A 30-year-old male is struck by a car, lying on the road and extremely agitated. When HARU and CCP units arrive on scene the advanced care paramedic (ACP) crew is in the midst of placing an intravenous line into the highly agitated patient while a Queensland Fire and Emergency Services officer supports his spine.
The initial primary survey revealed the following:
- Airway – intact, cervical spine supported by manual midline immobilisation.
- Breathing – respiratory rate 28/min, equal expansion, no chest crepitus, no subcutaneous emphysema.
- Circulation – palpable radial pulse, heart rate 70/ min, soft abdomen, pelvis well-aligned and no significant external blood loss.
- Disability – GCS 9 (M4), significant agitation, boggy haematoma to right occiput, blood from right ear, blood sugar level 7.7 mmol/l and moving all limbs.
- Exposure – open right tibia/fibula fracture with significant exposure of displaced tibia.
The initial plan was to sedate the patient with ketamine to facilitate extrication to the ambulance, where a rapid sequence intubation (RSI – drug assisted intubation) would occur. The CCP undertook procedural sedation, using 10mg aliquots of ketamine to settle the patient. A total of 50mg of ketamine was administered.
Following completion of the RSI checklist, a further 100mg ketamine and 100mg Rocuronium (muscle paralysis) was administered and the patient was intubated on first pass. No hypoxia or hypotension resulted. An orogastric tube was inserted and a heating blanket applied, with the patient then departing scene for hospital.
The scene flowed well because of excellent teamwork by ACP, CCP and HARU officers. The patient arrived in hospital 34 minutes post the Triple Zero (000) call, fully packaged allowing immediate transfer to the CT scan and reducing time to identification of critical injuries. Each officer contributed to excellent team work.
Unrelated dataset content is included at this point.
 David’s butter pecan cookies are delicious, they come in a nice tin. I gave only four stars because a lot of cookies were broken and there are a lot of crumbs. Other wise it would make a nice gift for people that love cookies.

A pre-hospital ultrasound was not performed due to the relatively short scene time and haemodynamic stability. It was reinforced that such a scan should still be done, often undertaken whilst other procedures, such as limb splinting is being done. Although it was acknowledged the individual officer workload was intense.
Discussion regarding the option of titrated ketamine (10mg) versus a single 0.5mg/kg dose was debated at length in the audit. The HARU officer felt the small titrated dose allowed for observation of the haemodynamic and neurological response. This is especially important in the setting of potential significant blood loss. Despite ketamine usually resulting in a good haemodynamic response, when the patient has profound blood loss this effect is compromised.
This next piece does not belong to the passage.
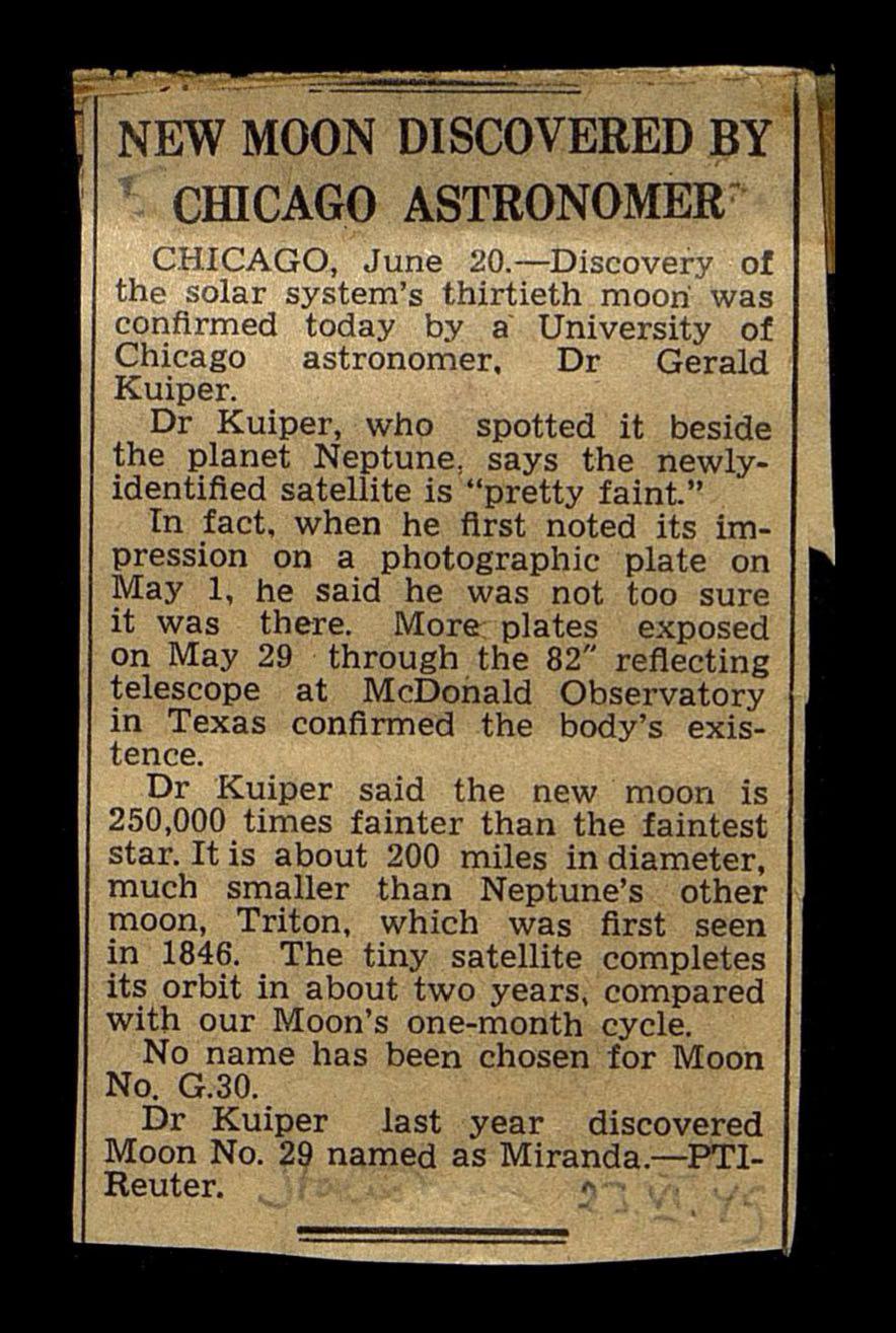 Чикаго, 20 июня [1949]. — Открытие тридцатой луны Солнечной системы было подтверждено сегодня астрономом Чикагского университета. Доктор Джеральд Койпер, который заметил ее рядом с планетой Нептун, говорит, что недавно идентифицированный спутник "довольно слабый". На самом деле, когда он впервые заметил его изображение на фотографической пластинке 1 мая, он сказал, что не слишком уверен, что он там был. Другие пластины, экспонированные 29 мая с помощью 82-дюймового телескопа-отражателя в обсерватории Макдональда в Техасе, подтвердили существование тела. Доктор Койпер сказал, что новая луна в 250 000 раз слабее самой слабой звезды. Ее диаметр составляет около 200 миль, что намного меньше, чем у другого спутника Нептуна, Тритона, который впервые был замечен в 1846 году. Крошечный спутник совершает оборот по своей орбите примерно за два года, по сравнению с месячным циклом нашей Луны. Для Луны № G.30 название не выбрано. Доктор Койпер в прошлом году открыл Луну № 29, названную Мирандой.]

Each paramedic contributes to the outcome, no matter what clinical level. Appropriate task allocation and working in parallel optimises patient care and scene time. The paramedics attempt to think five to ten minutes ahead, to plan interventions proactively and not be reactive (e.g. ultrasound). Ketamine is a great pre-hospital drug but has limitations in certain circumstances.
“Trauma injuries represent a significant cost burden to the community and this very valuable intervention speeds the time it takes to get a person with traumatic injuries to definitive care, which improves their chances of recovery.”
Professor Steve Rashford
Professor Steve Rashford is a specialist emergency physician and medical director for the Queensland Ambulance Service. He has 25 years experience in major trauma resuscitation, including developing innovative prehospital techniques in anaesthesia, ultrasound, blood transfusion and surgical approaches to complex chest injuries.